TASK GOAL:
Report, in full, each line of the material below in which the string "Minister" occurs.

--- INPUT DATA Enclosed Below ---

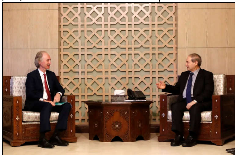
U.N. special envoy for Syria Geir Pedersen meets with Syrian Foreign Minister Faisal Mekdad, in Damascus, Syria.

With international donor support dwindling, U.N. agencies have been cutting programs due to budget cuts for years. The U.N. estimates that some 300,000 civilians died during the first decade of the uprising, while half of the pre-war population of 23 million were displaced. "The situation inside of Syria has become even worse than it was economically during the height of the conflict," U.N. special envoy for Syria, Geir Pedersen, told reporters in Damascus following a meeting with Syrian Foreign Minister Faisal Mekdad.
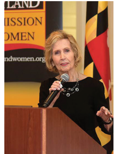
The Honorable Connie Morella
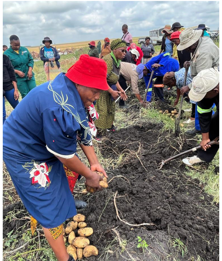
The potatoes are harvested to determine the best cultivar

--- End of Enclosed INPUT DATA ---

TASK RESULT:
U.N. special envoy for Syria Geir Pedersen meets with Syrian Foreign Minister Faisal Mekdad, in Damascus, Syria.
With international donor support dwindling, U.N. agencies have been cutting programs due to budget cuts for years. The U.N. estimates that some 300,000 civilians died during the first decade of the uprising, while half of the pre-war population of 23 million were displaced. "The situation inside of Syria has become even worse than it was economically during the height of the conflict," U.N. special envoy for Syria, Geir Pedersen, told reporters in Damascus following a meeting with Syrian Foreign Minister Faisal Mekdad.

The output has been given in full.